*Activity*.
Your output should be everything below from the line containing "商品簡介:黃菊花白菊花綠葉搭配1米8高喪事花籃" down to the line containing "Рис. 10.1. Растровий", both ends included, copied exactly, with pictures left out.

*Provided information*.
* * * * * * *

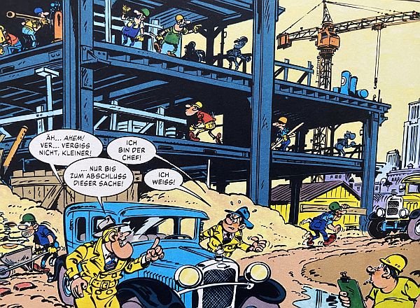 Stammzeichner der Reihe ist Arthur Berckmans, der sich Berck nannte und der 2020 verstorben ist (Cauvin überlebte ihn nur acht Monate). Er gestaltet Sammy und Jack im Funny-Stil, wunderbar elegant, ohne Ecken und Kanten, wobei der Inhalt trotz Gags und Klamauk auch erwachsenere Töne präsentiert. Berck arbeitet historisch äußerst akkurat und füllt seine Panels immer wieder opulent aus. Ansichten des im Bau befindlichen Wolkenkratzers oder die Theater-Szenen mit der Diva stecken so voller Details. Furiose Baller-Orgien gehören ebenso zu den Geschichten wie die optisch umgesetzten Running Gags von Cauvin (Sammy mit seinen Beruhigungspillen und seine wunderbare Mimik dabei!), wobei die Story bei den abwechslungsreichen Settings und Motiven stets im Blick bleibt.
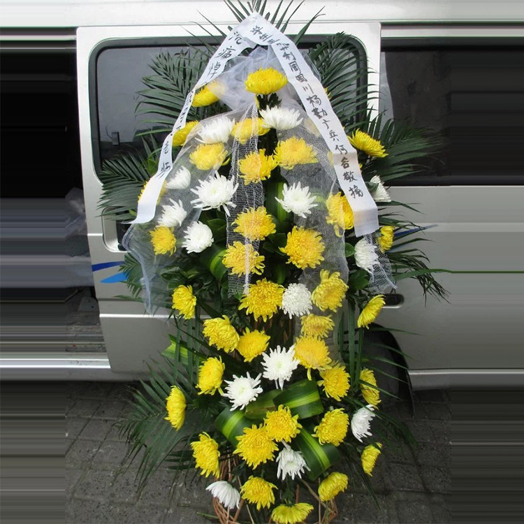 商品簡介:黃菊花白菊花綠葉搭配1米8高喪事花籃
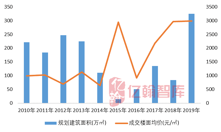 图1:绵阳2010-2019年宅地招拍挂量价成交走势
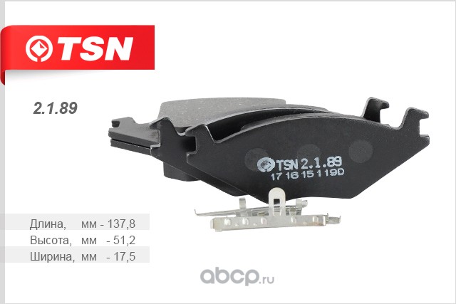 | TSN | 2189 | Колодки тормозные дисковые |
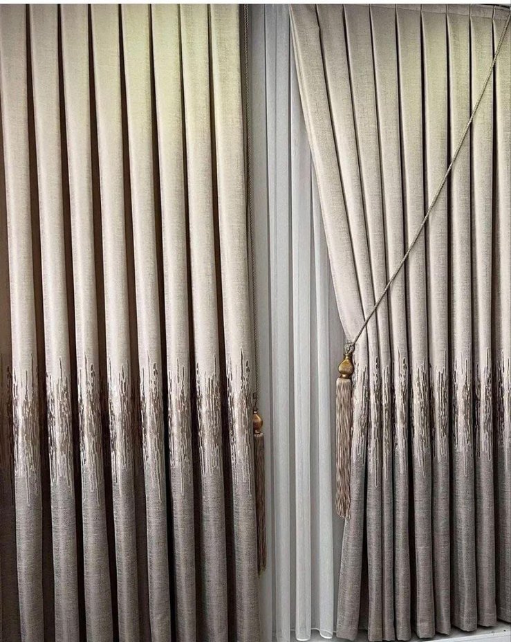 Bej Nakışlı Modern Klasik Perde
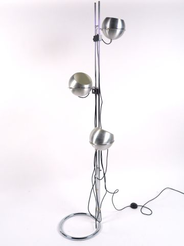 Lot de Lampadaire années 70 en métal chromé, éclairant à trois lumières. au prix de 100 à 150 € en vente aux enchères par l'hôtel des ventes Primardeco
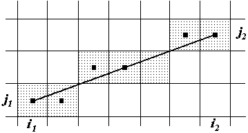 Рис. 10.1. Растровий образ відрізка У більшості алгоритмів використовується покроковий метод зображення, тобто для знаходження координат чергової крапки растрового образа наращивается значення однієї з координат на одиницю растра й обчислюється збільшення іншої координати. Завдання полягає в побудові відрізка, що з'єднує на екрані крапки з координатами
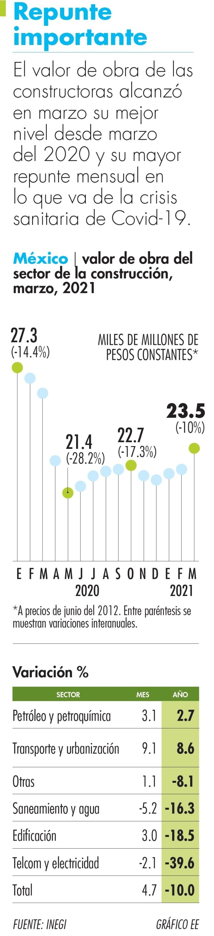 El valor de producción de las empresas de la construcción presentó durante marzo un crecimiento de 4.7%, respecto al mes previo.Se trata del mayor aumento desde la abrupta caída de 20.8% en abril del 2020, cuando se paralizó el país a consecuencia de la pandemia del COVID-19, con lo que su caída anual fue del 10%, según reportó el Instituto Nacional de Estadística y Geografía (Inegi).“El personal ocupado total registró un incremento del 1.2% y las horas trabajadas avanzaron el 2.9%, mientras que las remuneraciones medias reales descendieron el 1.4% en marzo del 2021 con relación a febrero pasado, con series ajustadas por estacionalidad”, se informó en el reporte de la Encuesta Nacional de Empresas Constructoras (ENEC).Para Roberto Ballines, experto en infraestructura de la firma HR Ratings, dichos resultados muestran indicios de la esperada recuperación en el sector, aunque todavía los números están lejos de los niveles prepandemia, que cabe destacar ya venían a la baja desde varios meses antes por la falta de inversión en obra pública, principalmente, explicó el experto.“Es una muy buena señal que en el 2021 sumemos tres meses con crecimientos en el valor de producción de las empresas, porque a pesar de no haber mucha obra nueva y que se están retomando las que estaban en pausa, el desempeño mostrado por las empresas es consistente y eso genera un buen impacto en todas las ramas involucradas”, explicó.De acuerdo con el Inegi, el rubro de edificación (principalmente lo referente a bodegas industriales, centros de distribución, hoteles, desarrollos comerciales o vivienda, que representan el 42% del valor de producción), tuvo un crecimiento en marzo del 3%, respecto al mes previo, con lo que hila su segundo mes consecutivo al alza (en enero cayó el 11.7 por ciento).Sin embargo, el rubro de transporte (que participa con el 29.25) tuvo el mejor comportamiento al crecer el 9.1%, en relación a febrero, cuando cayó el 0.1% en su comparación mensual).Entre las obras de transporte relacionadas con la ejecución de obra pública, destaca la construcción del Tren Maya y la de sucursales del Banco del Bienestar, a pesar de que ambos cuentan con participación de la Secretaría de la Defensa Nacional.
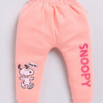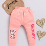 Tinyo Snoopy Printed Pure Cotton Joggers For Infant Girls (Peach, Pack Of 1)
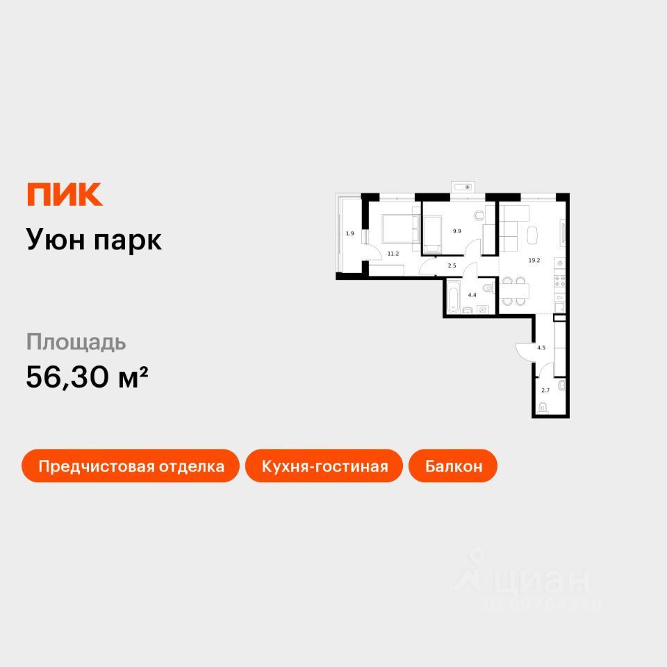 Продаётся 2-комн. квартира площадью 56,3 кв.м на 17 этаже 17 этажного дома (Корпус 14, Секция 1) проекта ПИК Уюн парк. Светлый просторный подъезд на уровне земли, функциональная планировка, большие окна, .

* * * * * * *

*Your solution*.
 商品簡介:黃菊花白菊花綠葉搭配1米8高喪事花籃
 图1:绵阳2010-2019年宅地招拍挂量价成交走势
 | TSN | 2189 | Колодки тормозные дисковые |
 Bej Nakışlı Modern Klasik Perde
 Lot de Lampadaire années 70 en métal chromé, éclairant à trois lumières. au prix de 100 à 150 € en vente aux enchères par l'hôtel des ventes Primardeco
 Рис. 10.1. Растровий образ відрізка У більшості алгоритмів використовується покроковий метод зображення, тобто для знаходження координат чергової крапки растрового образа наращивается значення однієї з координат на одиницю растра й обчислюється збільшення іншої координати. Завдання полягає в побудові відрізка, що з'єднує на екрані крапки з координатами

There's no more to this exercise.